Biologie

Optimiser les thérapies médicamenteuses du cancer

Date:
Mis à jour le 03/02/2023
Médecine régénérative, étude du mouvement cellulaire ou de l’apparition de résistance aux traitements, le cancer est un axe central des recherches de l’équipe-projet Mamba. À l’occasion de la journée pour la lutte contre le cancer, Marie Doumic et Diane Peurichard nous dévoilent quelques applications des travaux de l'équipe.
Traitement de cellules cancéreuses
© Yves Pommier, Rozenn Josse, 2014

 

L’équipe-projet commune Mamba* (Modelling and Analysis for Medical and Biological Applications) rassemble des chercheuses et des chercheurs visant à allier la théorie mathématique la plus rigoureuse possible à de nombreuses collaborations avec des biologistes et médecins sur des questions concrètes. Marie Doumic, responsable de l'équipe-projet, affirme :

Nous pensons que c'est la meilleure façon d'étudier des problèmes théoriques dont la pertinence en biologie est avérée, et ainsi de contribuer à faire progresser les deux sciences.

En collaboration avec d’autres équipes de recherche, Mamba développe des méthodes pour optimiser les thérapies médicamenteuses du cancer, et également pour modéliser la croissance tissulaire saine ou pathologique, c’est-à-dire sous un contrôle normal ou endommagé, dans des systèmes multiéchelles. 

Quelles sont les applications concrètes des recherches de Mamba ?

Le mouvement cellulaire et la croissance de populations de cellules est un thème central de Mamba qui a de multiples applications : croissance des bactéries ou cancer, contrôle physiologique ou réaction des cellules lors de stress ou d'action médicamenteuse. 

Un autre domaine d’application important est l’agrégation des protéines qui se produit dans les maladies dites "amyloïdes" (un groupe de maladies parmi lesquelles on peut citer les maladies d’Alzheimer, de Parkinson, de Creuzfeldt-Jakob ou encore de Huntington). 

L'équipe s'intéresse également à la médecine régénérative, en particulier Dirk Drasdo et son groupe autour de la régénération du foie après chirurgie ou à la suite de dommages induits par des médicaments 

Un autre thème de recherche de l'équipe, en plein essor, concerne l’épidémiologie mathématique.
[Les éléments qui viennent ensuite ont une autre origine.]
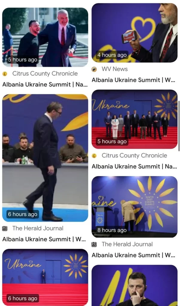 Fotot e mëposhtëme nga samiti, të shkrepura nga fotoreporteri Armando Babani të agjencisë amerikane të lajme AP, po bëjnë xhiro në mediat botërore, të cilat i kanë bërë jehonë deklaratave të Zelensky-t nga Tirana
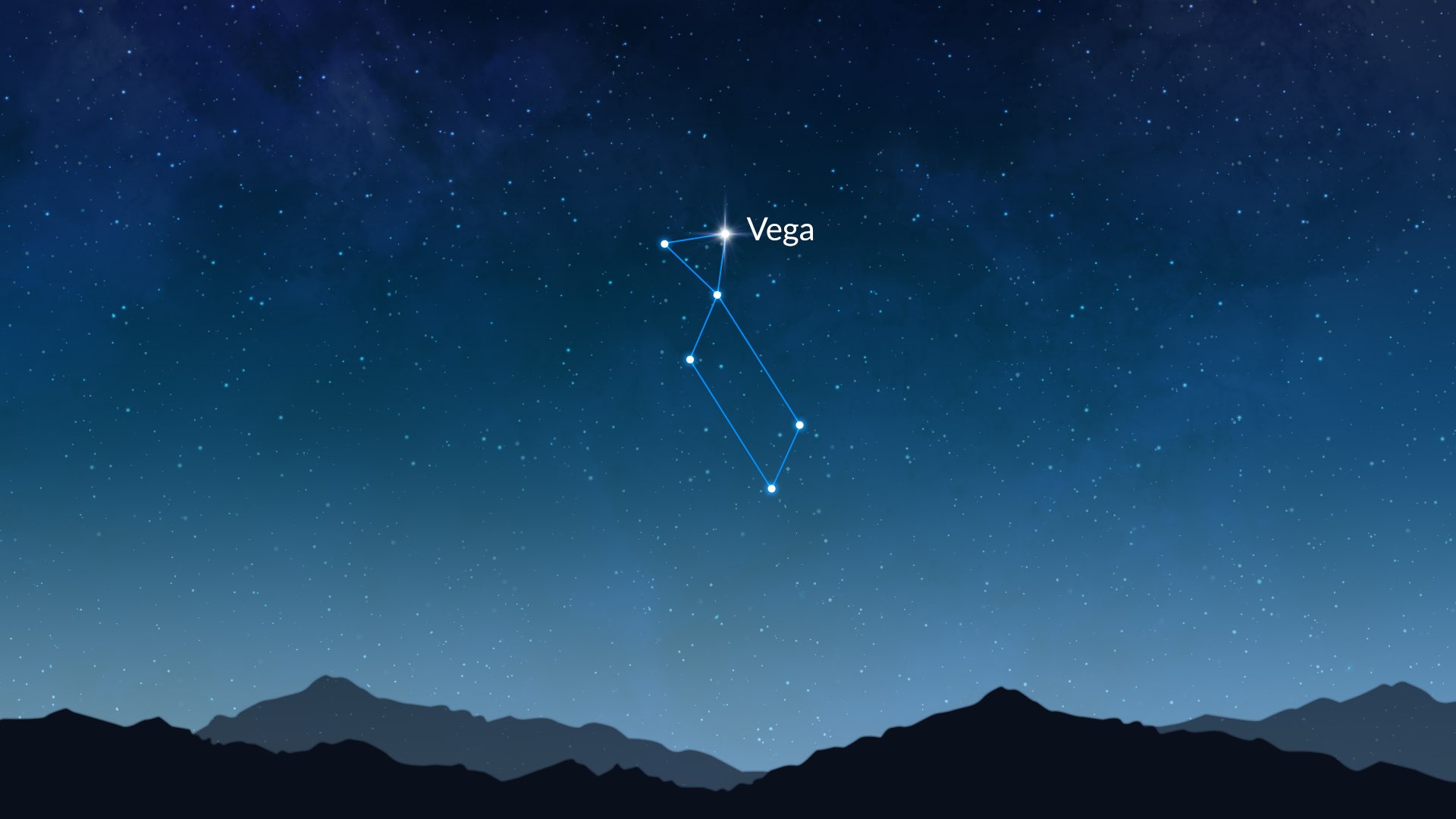 Cualquier noche de verano en el hemisferio norte, mira hacia el este para ver a la azul-blanca Vega (mag 0.03), la estrella más brillante de Lyra y del Triángulo de Verano, y la tercera estrella más brillante del hemisferio norte (después de Sirio y Arturo). ¡Es tan brillante que puede observarse incluso desde ciudades con mucha contaminación lumínica! Para asegurarte de que estás viendo Vega y no otra estrella, usa un mapa del cielo móvil (como Sky Tonight) e identifica la estrella.
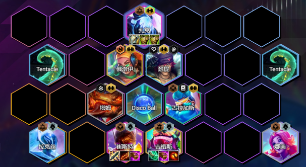 1、阵容组成:塔姆、酒桶、瑟提、娜美、拉克丝、扎克、卡牌、吉格斯、俄洛伊
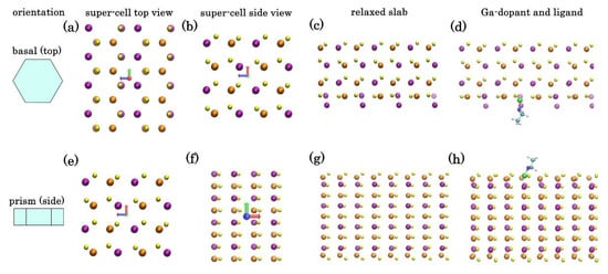 Ordered CIS orthorhombic model of the top or basal (a–d) and side or prism (e–h) surfaces of hexagonal nanoparticle: idealized super-cell top view (a,e) and side view (b,f) and density functional theory (DFT) relaxed atomic structures of the pure surface slabs (c,g) and with Ga dopant and -NH-C2H5 passivating group (d,h). Legend: In (purple), Cu (orange), Se (yellow), Ga (green), N (deep blue), C (light blue), and H (white).
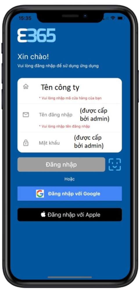- Đăng nhập: Nhấn nút này để vào ứng dụng.
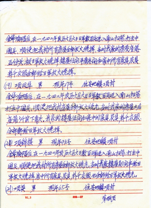 Other details:In 1942 Zhu Xiaoxian, Yang Caicha, Xiang Yongmao and other families’ belongings were burnt. In 1943, Wu Chenghong’s son and Wu Jiangju’s daughter died of Japanese bacterial infection. Pan Lvhan’s father was forced to be a porter and killed by Japanese. Pan Baochai’s family belongings were burnt and her father was killed by Japanese troops. Wang Bao’e, Yu Binggen were killed. Xiang Jindong was forced to do labor work by Japanese and got disabled. Xiang Jinshi was also forced into labor and killed. The victims added up to 27.
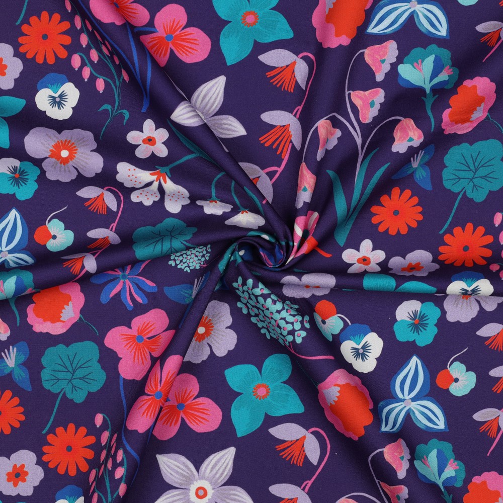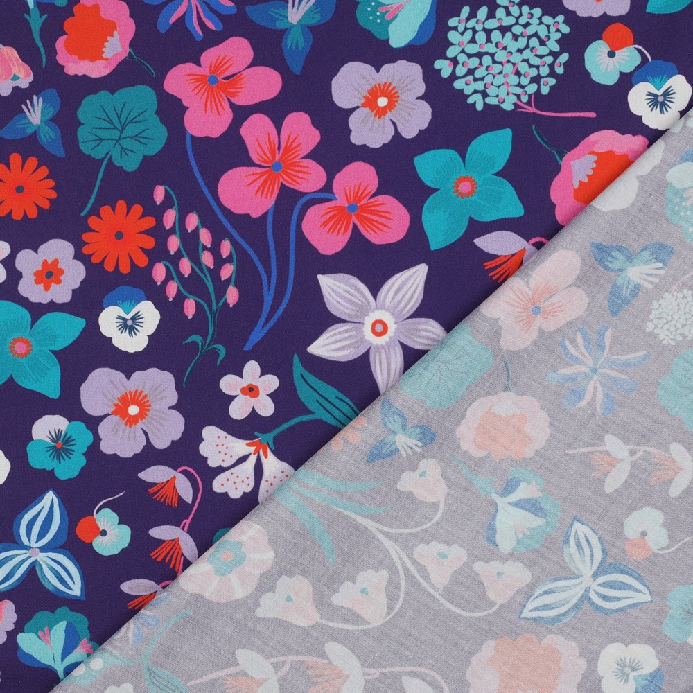 Popeline en coton - Nerida Hansen impression numérique Meadow Flower bleu

Initialement motivé par le contrôle de la dengue par différentes stratégies concernant les moustiques vecteurs, le sujet s’est élargi car plusieurs membres de l'équipe se sont investis sur la modélisation et le contrôle de la pandémie de Covid-19.

Des modèles mathématiques pour des expériences in silico sur ordinateur

L’étude des systèmes biologiques est particulièrement difficile de par la présence de nombreux agents, d’interactions, et différents niveaux d’organisation (échelle moléculaire, de l’organisme, des communautés). Afin de dégager les principaux acteurs d’une observable (par exemple la croissance d’une population tumorale en présence d’une drogue cytotoxique), l'équipe cherche à développer des environnements in silico, à l’aide de modèles mathématiques mettant en jeu un nombre réduit d’agents et d’interactions. Leurs études passent donc par la mise en équations des systèmes, la simulation et l’analyse des modèles mathématiques proposés, ainsi que leur confrontation aux données expérimentales. Diane Peurichard, chercheuse au sein de l'équipe-projet, nous souligne les enjeux :

Les modèles validés sur les données peuvent aussi avoir un caractère prédictif, permettant de réaliser des expériences in silico sur ordinateur, plus maniables que des expériences in vitro ou in vivo nécessitant un cadre expérimental coûteux en matériel et en temps.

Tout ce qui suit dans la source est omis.